■ What needs to be done ■
What are the lines below, starting at the line containing "Реклама картошки фри." and ending at the line containing "The pup was"? Write them out exactly, ends included, without pictures.

■ Supplied material ■
____________
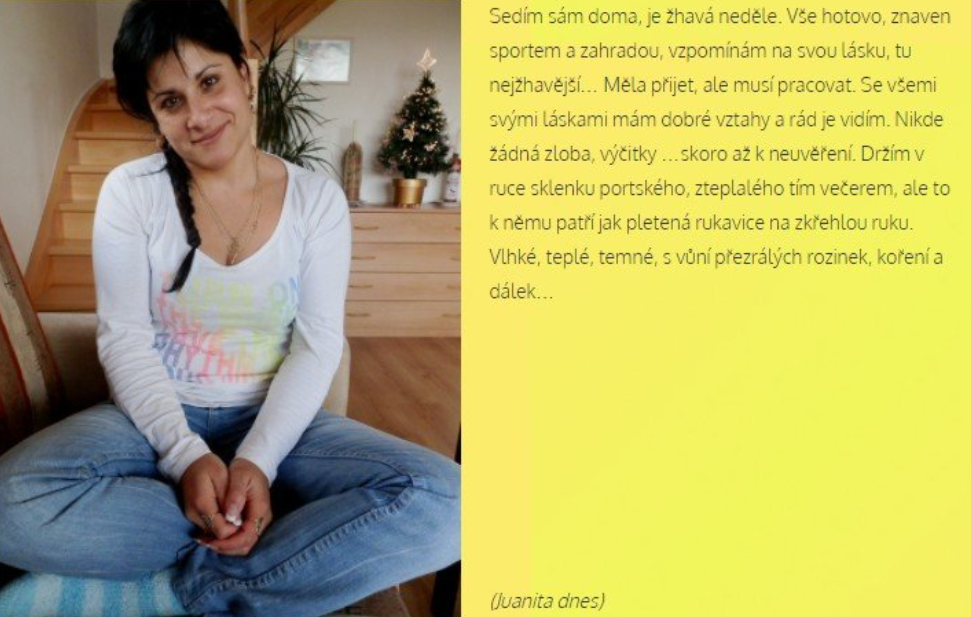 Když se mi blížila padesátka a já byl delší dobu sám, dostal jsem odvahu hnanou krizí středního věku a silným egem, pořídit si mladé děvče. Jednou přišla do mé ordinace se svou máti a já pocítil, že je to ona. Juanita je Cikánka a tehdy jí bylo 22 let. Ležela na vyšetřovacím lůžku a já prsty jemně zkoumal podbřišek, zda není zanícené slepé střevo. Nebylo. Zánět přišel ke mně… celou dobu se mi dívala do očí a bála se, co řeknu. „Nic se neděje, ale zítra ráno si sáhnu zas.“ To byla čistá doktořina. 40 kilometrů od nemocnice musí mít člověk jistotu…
____________
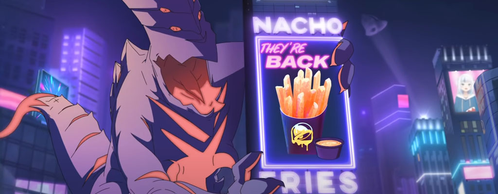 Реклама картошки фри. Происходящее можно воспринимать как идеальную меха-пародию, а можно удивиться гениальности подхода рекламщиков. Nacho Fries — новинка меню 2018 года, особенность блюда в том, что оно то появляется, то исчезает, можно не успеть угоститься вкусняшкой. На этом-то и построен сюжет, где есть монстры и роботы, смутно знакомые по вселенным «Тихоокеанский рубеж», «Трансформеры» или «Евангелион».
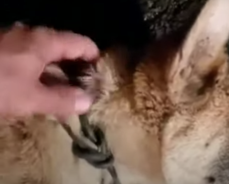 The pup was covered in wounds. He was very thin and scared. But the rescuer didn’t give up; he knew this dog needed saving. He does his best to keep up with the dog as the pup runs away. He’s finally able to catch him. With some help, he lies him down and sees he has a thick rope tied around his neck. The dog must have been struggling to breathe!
____________
■ Response to this exercise ■
 Реклама картошки фри. Происходящее можно воспринимать как идеальную меха-пародию, а можно удивиться гениальности подхода рекламщиков. Nacho Fries — новинка меню 2018 года, особенность блюда в том, что оно то появляется, то исчезает, можно не успеть угоститься вкусняшкой. На этом-то и построен сюжет, где есть монстры и роботы, смутно знакомые по вселенным «Тихоокеанский рубеж», «Трансформеры» или «Евангелион».
 The pup was covered in wounds. He was very thin and scared. But the rescuer didn’t give up; he knew this dog needed saving. He does his best to keep up with the dog as the pup runs away. He’s finally able to catch him. With some help, he lies him down and sees he has a thick rope tied around his neck. The dog must have been struggling to breathe!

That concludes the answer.